The agent-based model is a discrete-time model wherein each agent has one of two states at each time period, adopting or non-adopting. We treat the households who adopted in the first 2 years (2001 and 2002) as seed adopters. At the beginning of the simulation, seed adopters are in the adopting state. In each iterate period, the adopting agents remain in their state, whereas the non-adopting agents update their adoption states based on two rules corresponding to the mechanisms of social learning and externalities, respectively, as follows:

• (i) Social learning In each period, a non-adopter becomes adopting with a probability (elaborated below). The probability updates according to the proportion of his adopting peers on the kinship network in the last round.
• (ii) Externalities In each period, a non-adopter becomes adopting once the proportion of his adopting peers on the neighbourhood network reaches a threshold in the last period.
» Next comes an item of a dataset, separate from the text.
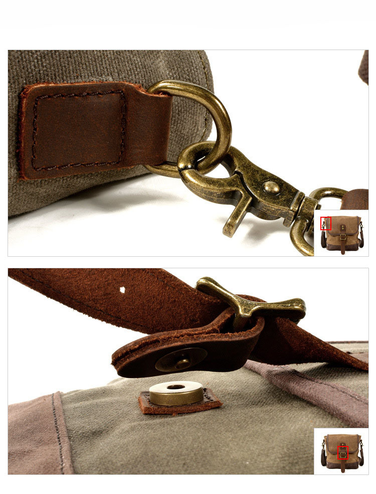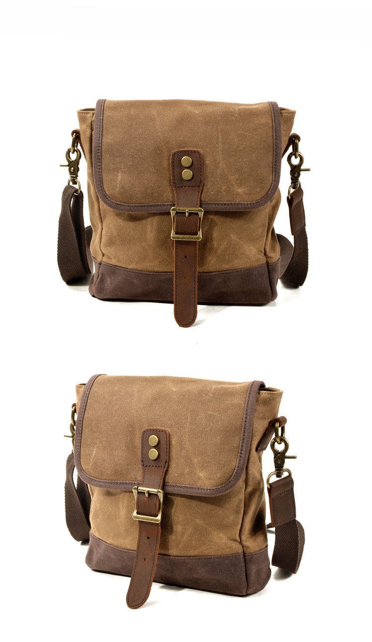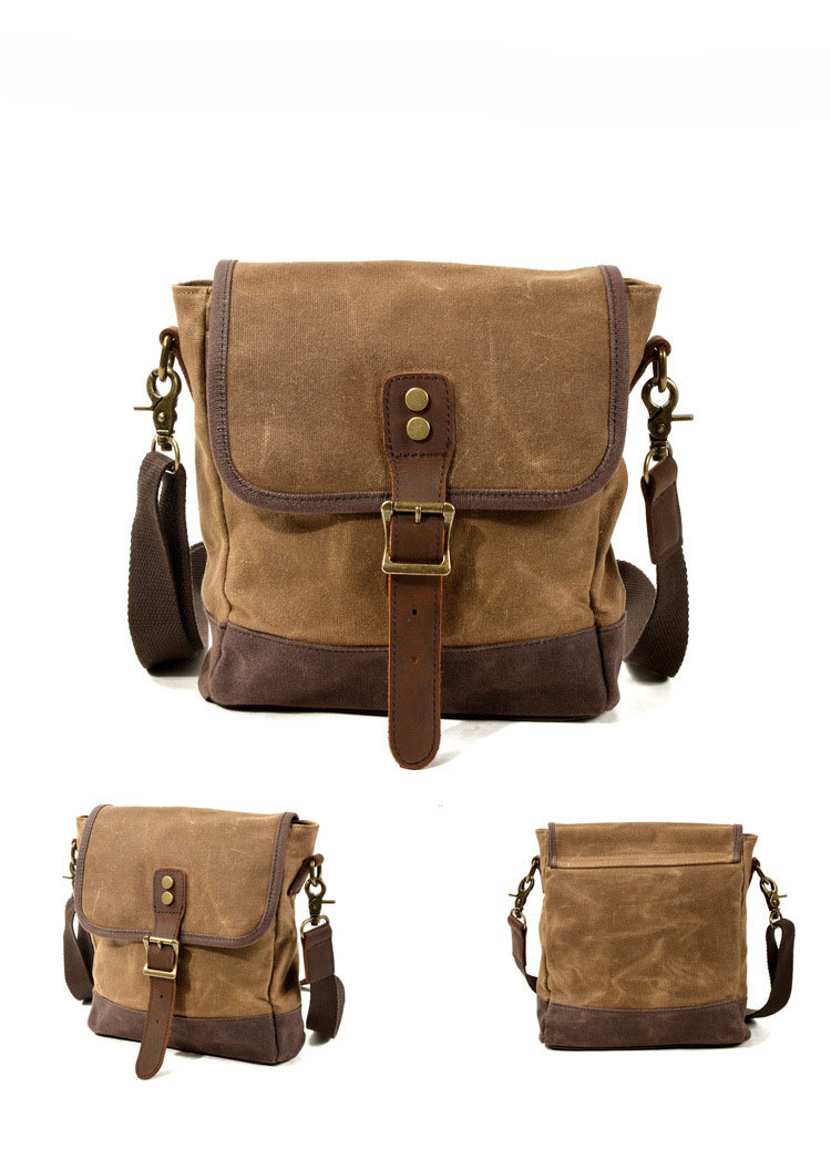 日韩系新款男式潮流斜挎包单肩包油蜡帆布配皮休闲包户外旅行小包
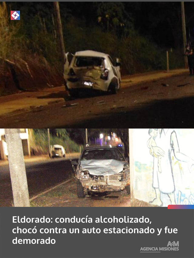 AGENCIA MISIONES.UNO | Un siniestro vial ocurrido durante la madrugada en la ciudad de Eldorado terminó con la demora de un conductor que circulaba en estado de ebriedad, luego de colisionar contra un vehículo que se encontraba estacionado.

We now elaborate how the probability for a household to adopt is determined. Let $$p_{it}$$ denote the probability that the household $$i$$ adopts at time $$t$$. It is a function of household's characteristics $$X_i$$, time-varying factors $$Z_t$$ and the effect of social learning $$F^{kin}_{it}$$ (specifically, the proportion of the household $$i$$'s adopting peers over all peers on the kinship layer at the time $$t$$), given by

 $$p_{i,t} = \Pr(\mbox{adoption}X_i, F^{kin}_{i,t}) = f(\alpha + X'_i \beta + Z'_t\gamma + \lambda F^{kin}_{i,t})$$
where $$f$$ is assumed to be a logistical function that is widely used. It yields:
 $$\log \left(\frac{p_{i,t}}{1-p_{i,t}} \right) = \alpha + X'_i \beta + Z'_t\gamma + \lambda F^{kin}_{i,t}$$

The threshold for externalities, $$h$$, is a predefined ratio varying between 0 and 1. Households compare this ratio with the proportion of the household's adopting peers on the land layer $$F^{land}_{i,t}$$. The household $$i$$ adopts when $$F^{nei}_{it} > h$$; otherwise, it remains unchanged.
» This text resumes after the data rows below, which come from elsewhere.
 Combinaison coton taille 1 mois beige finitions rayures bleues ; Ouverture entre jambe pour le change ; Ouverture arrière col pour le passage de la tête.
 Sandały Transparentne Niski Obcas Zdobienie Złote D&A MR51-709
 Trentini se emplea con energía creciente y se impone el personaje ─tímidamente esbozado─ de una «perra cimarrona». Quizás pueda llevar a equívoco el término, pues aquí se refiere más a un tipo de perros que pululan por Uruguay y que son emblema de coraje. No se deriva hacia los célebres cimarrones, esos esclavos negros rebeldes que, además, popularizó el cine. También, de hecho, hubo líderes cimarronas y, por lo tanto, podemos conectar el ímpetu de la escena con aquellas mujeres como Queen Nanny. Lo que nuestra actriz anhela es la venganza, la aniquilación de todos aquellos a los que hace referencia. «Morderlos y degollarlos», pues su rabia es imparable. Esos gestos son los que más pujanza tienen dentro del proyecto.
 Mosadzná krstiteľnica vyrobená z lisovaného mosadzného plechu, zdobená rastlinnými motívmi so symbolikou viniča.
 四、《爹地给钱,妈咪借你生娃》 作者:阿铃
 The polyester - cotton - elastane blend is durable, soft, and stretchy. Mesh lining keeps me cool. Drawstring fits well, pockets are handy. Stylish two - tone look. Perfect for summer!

The vector of household-level covariates, $$X_i$$, consists of age of household head, number of farming workers and sum of path lengths to earliest adopters. Farming AS is a more labour intensive work than farming traditional crops, so a household's adoption behaviour was likely to be influenced by its abundance of labour. This is reflected by age of household head and number of farming workers. Considering the possible influence of earlies adopters, we include a covariate indicating household's social connection to the earliest adopters in its village. The time-varying covariate $$Z_t$$ here only refers to last year's average price in the wholesale market.

In our case, households' adoption behaviour updated annually and the diffusion process lasted from 2003 to 2009. Accordingly, our model iterates on a yearly basis and the iteration proceeds for 7 years (the first 2 years are treated as the initial period in the model). The two effects occur simultaneously in reality, so we set the order to update them as random in the model. We repeat the simulation for 100 times and take the means of them for the output variables (e.g., adoption rate).

#### Model calibration

Calibration in this paper refers to setting values to parameters with real-world data. It is pertinent to the parameters that characterise households themselves and their behavioural environment. The three types of social networks, kinship network, house neighbourhood networks and land plot neighbourhood networks are calibrated with the actual networks in 2001 for each studied village. These networks are static during the diffusion process. The demographic characteristics for households are calibrated with the real data in 2001. They, except age (which grows each year), do not change over time. The distance to arterial road for each village is calibrated in the same manner. The price for each year is calibrated with the actual price in the corresponding year. The seed adopters in the model are aligned with those in 2002, the initial period of the simulation, for each village.

#### Model estimation

The task of estimation is to find the values for parameters so the output best fit data. There parameters, in our case, are those define households' behavioural process, i.e., the underlying mechanism of peer effects. Instead of simply finding the optimal value for each of the parameters, we obtain optimal values for each parameter by fitting the model to each of a large number of datasets (1000 in our case), which are generated by a statistical process (bootstrapping). With such a large number of optimal values, we can estimate the distribution of the optimal values and further determine whether the parameter matters in the behavioural process from a statistical perspective.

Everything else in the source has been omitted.